Leung wrote about the incident on Sunday in an Apple Daily column, where he expressed surprise and concern over possible censorship. Local lawmaker James To had also asked parties involved in the case for clarification.

Leung said he took a trip to Taipei last week, and that he had asked the concierge at his regular hotel to make arrangements for books he bought to be sent to Hong Kong.
The hotel later told him that three books could not be sent. These were: Out of China: How the Chinese Ended the Era of Western Domination by Robert Bickers, The Great Debate: Edmund Burke, Thomas Paine, and the Birth of Right and Left by Yuval Levin and an issue of Taiwanese academic journal Intellectual History.
According to Leung’s column, the hotel staff told him the decision had been made by delivery service SF Express and had nothing to do with the hotel.
“If this was really SF Express’s decision, was dedicated staff checking books at their Taipei delivery centre? Or was it the delivery person checking the books one by one at the hotel?” Leung wrote.
“Does [SF Express] have a list of books they cannot transport?… Or do the staff members make the decision according to their own judgment?”

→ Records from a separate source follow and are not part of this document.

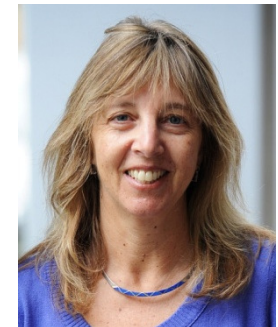
Heather Zar South Africa
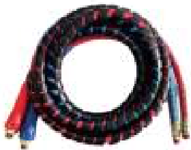
SY9004 TWO IN ONE
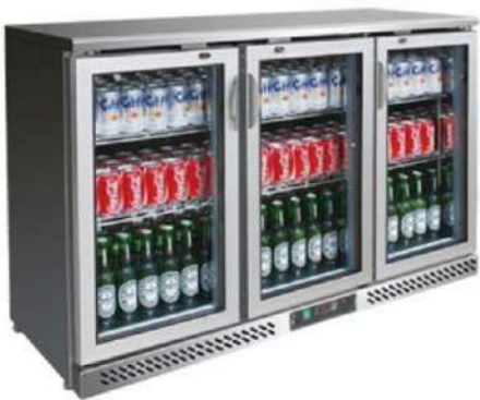
THREE DOOR BACK BAR CHILLER (DIE-201) SIZE : STANDARD (IMPORTED)
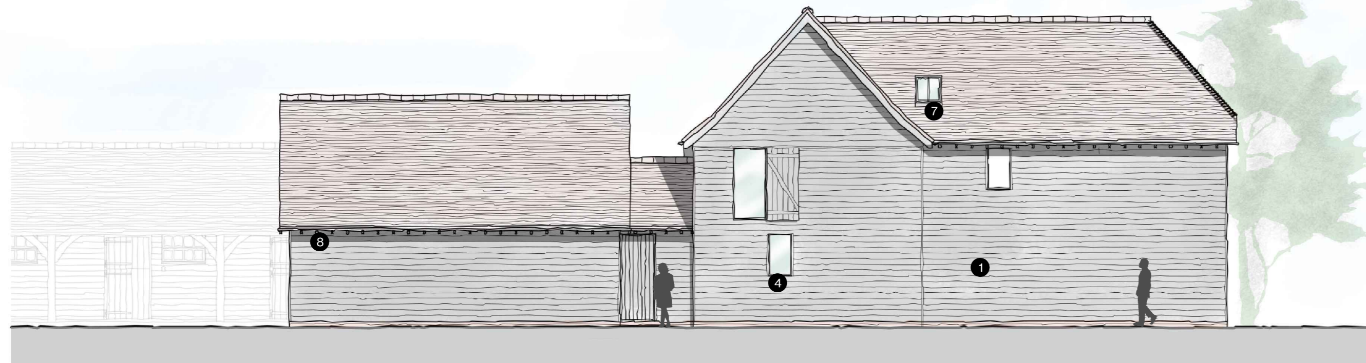
Side S Elevation 1:100
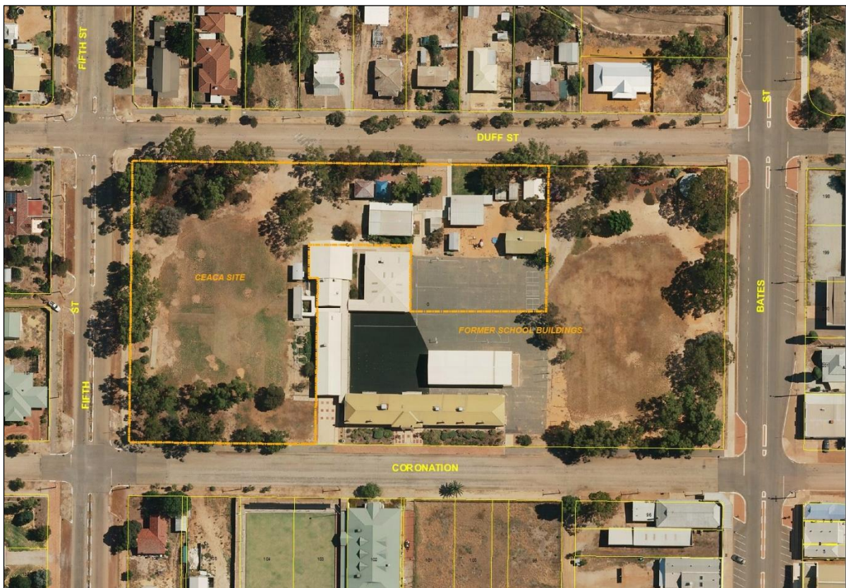
FIGURE 2 – AERIAL PHOTOGRAPH OF SUBJECT LAND
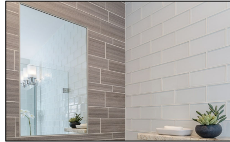
Figure 3. Grout around the mirror to seal and finish.

Caulk or grout around the edges. See Figure 3.
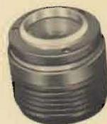
Lamp house with blue filter, aspheric lens for HVV30W and plus heat absorbing filter for LVV18W.
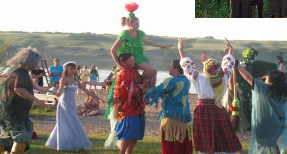
Festivities continue with independent drama theatre Suziria (left)
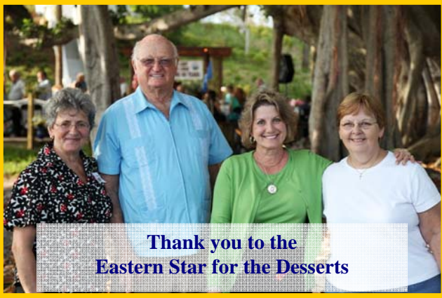
Thank you to the Eastern Star for the Desserts
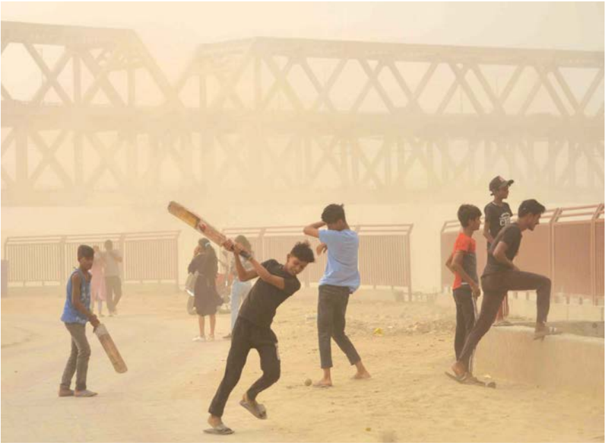
Children try to play cricket during a dust storm in Patna on Monday.

The accused, chargesheeted under various sections of the IPC, Unlawful Activities (Prevention) Act, Arms Act and Explosive Substances Act, "were found to have been engaged in ISIS row involving recruitment, training and propagation of the ISIS ideology, along with fabrication of explosives and improvised explosive devices (IEDs) and fund-raising for banned outfit", it said. — PTI
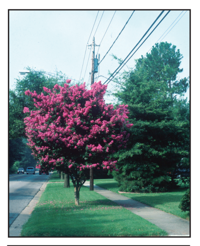
Crape myrtle, a large shrub or small tree that can be used under overhead lines.

Selection of appropriately sized trees prior to planting is critical to the trees' successful co-existence with overhead utility lines. This option is available to anyone involved with landscape design and installation - city planners, landscape architects, designers and contractors, arborists, and private homeowners. Proper selection and planting of trees near overhead utility lines can improve the appearance of the landscape, prevent safety hazards, improve electric service reliability, and reduce line clearance expenses for utility companies and their customers.
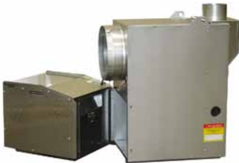
The Internal Brivis Two Piece Wombat for easier installation.

The Brivis Buffalo Series heaters are perfectly designed to be installed unobtrusively outside your home.
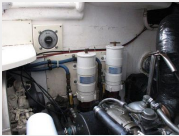
Engine & Mechanical Equipment 4
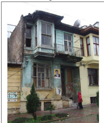
Fig 20.: Masonry building in Yedikule

In some periods after the big fires occurred in İstanbul, the wooden architecture was replaced by masonry architecture with the law in 1957. The number of masonry building were increased instead of wooden houses. (Fig 20). Thus, the district started to change in this period, the existance of train station and gas factory were effective figures in the changing of urban identity.
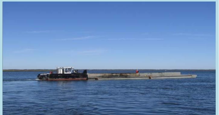
4 Full scow being transported to 81st street for unloading
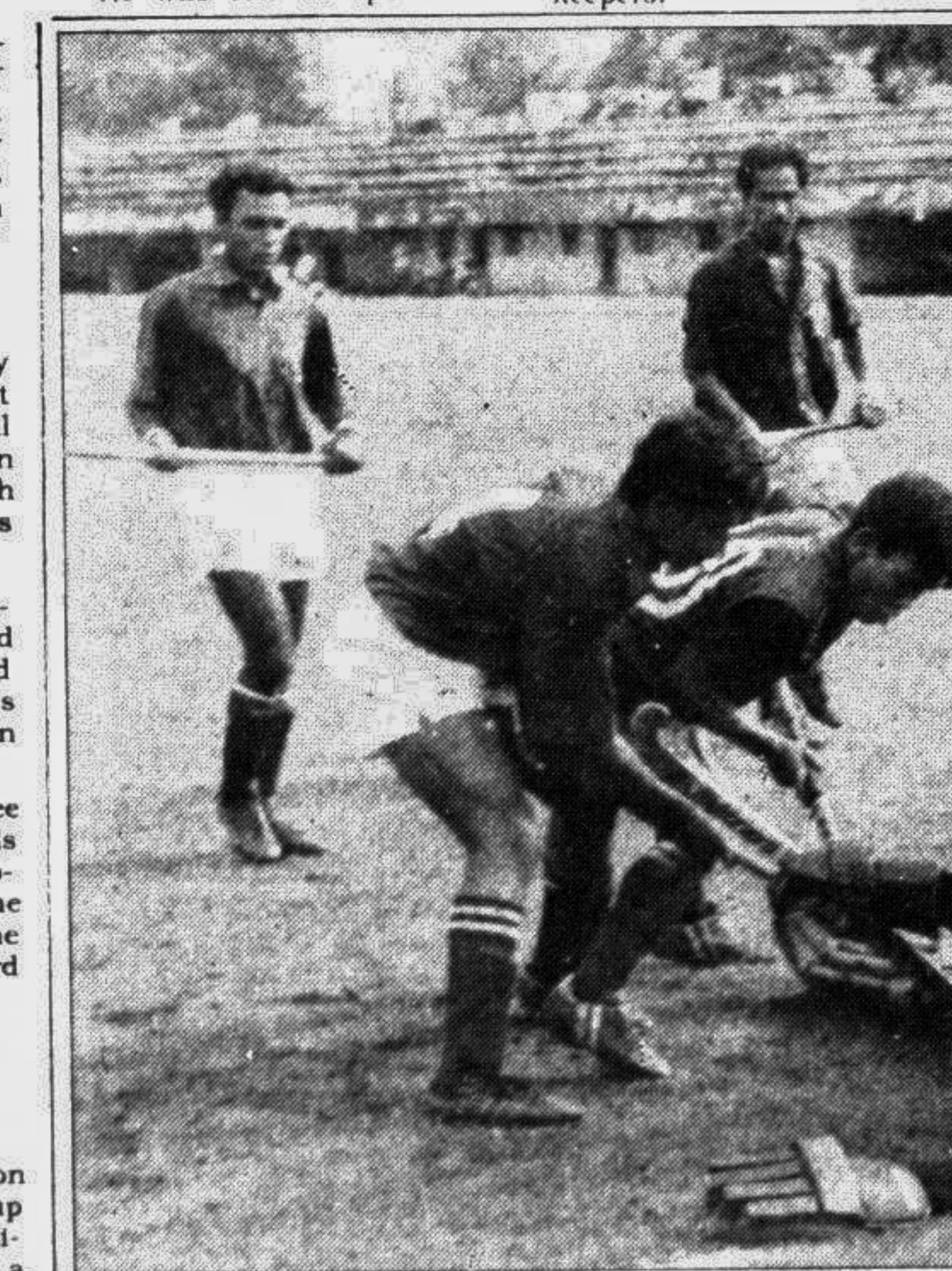
A goalmouth scramble during yesterday's Green Delta First Division hockey league match between Dhaka Ansars and Sonali Bank at the Hockey Stadium. The match ended one-all draw.

LONDON, June 12: Ray Kennedy, one of Britain's most honoured footballers, is to sell his remarkable medal collection to help him in his struggle with Parkinson's Disease, reports AFP. Kennedy, who enjoyed a glorious career with Liverpool and Arsenal, hopes to collect around 70,000 pounds when his medals are sold at auction in Glasgow later this year. Among the prizes are three European Cup Winners' medals from his playing days at Liverpool and the FA Cup/league championship "Double" set he won as a 19-year-old forward with Arsenal.
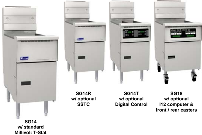
SG14 w/ standard Millivolt T-Stat

For High Production Gas frying specify Pitco Solstice Gas Models SG14, 14R, 14T or SG18 tube fryers with the patented Solstice Burner Technology. The dependable blower free atmospheric heating system provides fast recovery to cook a variety of food products. The Solstice gas fryer comes standard with a millivolt thermostat, for melt cycle and boil mode choose the optional quick responding solid state thermostat with the matchless ignition system. The optional digital control and the elastic time computer are available and can be used with our optional labor saving highly reliable basket lift system. The patented self cleaning burner and down draft protection keeps your fryer tuned up for peak daily performance.
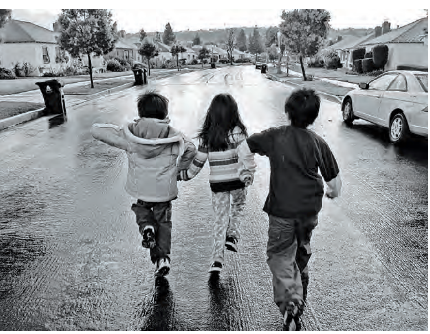
"My son and his cousins enjoy the first few raindrops of the year (December 2009). The excitement fizzled quickly after a few months of recurring downpours in Los Angeles. Kids get bored almost as quickly as they get distracted. The picture was taken in native black and white with the Canon S90."
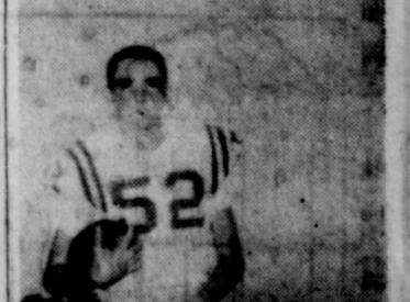
TWO TRIED THIS WEEK
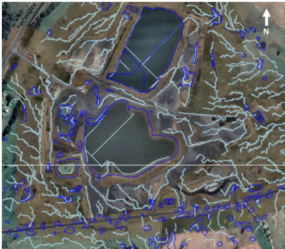
Figure 1 – Estimated Eater Flow during Rain Events – Glen Innes Aggregates

This stormwater runoff model is also available in Propeller on the “Design” tab under “Enviro” labelled as “Env_Water_Catchment_Analysis_200701”.
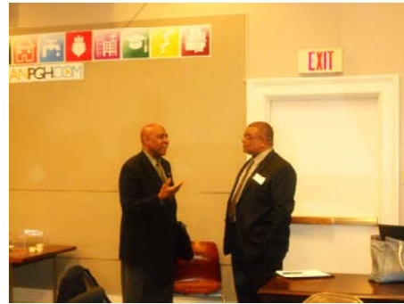
How to do Business with the Housing Authority of the City of Pittsburgh Housing Authority Conference Room

A spokesperson for the company told Taiwan news organisation Central News Agency that they would not confirm if the company had handled Leung’s case. He added that the company follows each country’s customs requirements.
The spokesperson went on to say that SF Express’s Taiwan presence had been funded by Hong Kong investors, and was not a branch of SF Express’s mainland company. SF Express was founded in 1993 in Guangdong province and is one of China’s largest couriers.
HKFP has reached out to SF Express Taiwan for comment.
‘Taiwan’s One Country, Two Systems’
Leung told HK01 that the books rejected by SF Express were part of “three big bags”, which contained around 30 books in total. Two days after the incident, the hotel staff sent the rejected books to Leung via Taiwan’s postal service, he said.
Leung said he was surprised by the incident because the books did not fall under categories usually considered “sensitive” by mainland China. Some of the books in question even had translated editions which are published and sold in the mainland, he said.
“After this encounter, even I am wondering if One Country Two Systems had already been implemented in Taiwan,” he wrote.

On Monday, Democratic Party lawmaker James To urged Taiwan and Hong Kong governments to clarify whether there are books under an import-export ban.
To said he believed the incident was a case of self-censorship, and also asked SF Express to explain their legal liability in failing to send the books.
According to SF Express’s Taiwan website, service users cannot send materials that are “harmful to China’s political [sic], culture and morality” from Taiwan to mainland China.
No such condition was listed for delivery from Taiwan to Hong Kong.